I couldn’t have chosen better parents myself. Mom raised us on Bible stories. We didn’t have radio down in that canyon, so she read to us.
Dad didn’t talk much about religion, but he showed us the mountains and said the world had to be created because it was too beautiful not to be.
When things were hard later in life — especially in the war — I remembered that faith and it carried me through.

Reminces of Lorne Callahan
It was here that I finished three grades of school.
Eleanor, Earl, and I walked to school swinging our lunch buckets—except on the days when we had hot lunch at Aunt Alta’s. Eleanor supervised the journey, warning us not to play too much or we would be late.
Our schoolhouse sat beside Boulder Creek just before the creek tumbled down a waterfall into the Salmon River.
There were about a dozen children in the school. Earl was two grades ahead of me and Eleanor was in the upper grades. The teacher separated us by grade and moved around the room assigning lessons.
She called the small classes to the blackboard one at a time or sat beside us quietly explaining our lessons.
We all liked her very much.
At the beginning and end of the school year the pack trains came through Shoup from the ranches downriver. School was sometimes let out when the trains arrived.
They crossed the Swinging Horse bridge and we would line up by the post office to watch them come swaying over it. You could hear the clippity-clop of hooves and sometimes a stumble when a mule lost its footing.

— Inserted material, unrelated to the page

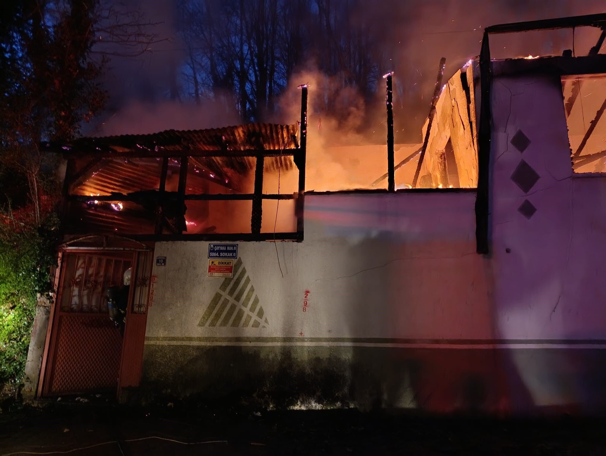 Henüz belirlenemeyen nedenle çıkan yangını fark eden ev sahibinin ihbarı üzerine olay yerine çok sayıda itfaiye ve jandarma ekibi sevk edildi.

The skinners always looked dirty and happy. They watered the animals at the trough in front of Hacksaw Tom’s place and unsaddled them for a rest. Hacksaw would strip to the waist, pull on his leather apron, and fire up his forge. Then he would trim hooves and shoe the animals before they continued on to Salmon City.
Sometimes the skinners opened a pack or two and handed out treats before heading to Aunt Alta’s for a meal.

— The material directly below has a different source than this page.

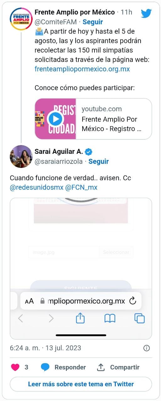 Algunos usuarios han reportado que después de que logran entran a esta plataforma digital, al querer registrar su apoyo, la pagina se “pasma” o “no funciona”. Por ello, los 13 aspirantes a representante del Frente Amplio por México, que de ganar se convierte en candidato presidencial, tendrían menos de 24 días para juntar las 150 mil firmas que necesitan para pasar a la tercera fase del proceso.

The pack trains were not the only seasonal visitors. Sweep boats also came through the canyon. They stopped at Shoup to eat at Alta’s before continuing down the treacherous Salmon River. Usually one of the local men guided them through the worst stretch between Shoup and Panther Creek. We children piled into the teacher’s car and drove down to Pine Creek Rapids to watch them.
The CCC boys were building a bridge there and we stood on it watching the boats try to shoot the rapids. Many boats were torn apart on the rocks. Sometimes they flipped, sending the crew scrambling for shore. Once we saw a boat caught in a whirlpool. It spun until the bow rose from the water and the stern slipped under. The boat disappeared and one of the men with it. A search party found his body a few days later under brush beside the river.

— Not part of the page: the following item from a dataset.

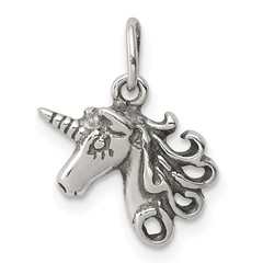 SS RH 3-D Enameled Unicorn Head with Lobster Clasp Charm

Most trips were less dramatic. When the boats disappeared around the bend we piled back into the teacher’s car and returned to school.
That good old warm kitchen. Tippy the dog would stretch and settle behind the stove while old Black Tom the cat curled between his paws. Dad and Mom talked about grown-up things while Dad and his partner did all their “mining in the kitchen,” as Mom liked to say.
Dad would take Earl and me on his knees and ask if we thought we would ever amount to much.
We would show him our muscles and he would grin and say, “Wow—just like hummingbird wings!”
Dad used to say, “That ore is there and it’s high-grade. If I just had the money to develop it properly I’d be sitting on a rich hill instead of making wages.”
To us it was all a great adventure. School. Snowball fights. Exploring the hills. Coming home to the big kitchen and Mom’s bread, cakes, cookies, and candy. We had chokecherry syrup or gooseberry sauce on hot cakes in the mornings. Pasties for supper drowned in freshly churned butter.
Dad took us fishing just above and below the bridges. Within an hour we could catch all the trout we could eat.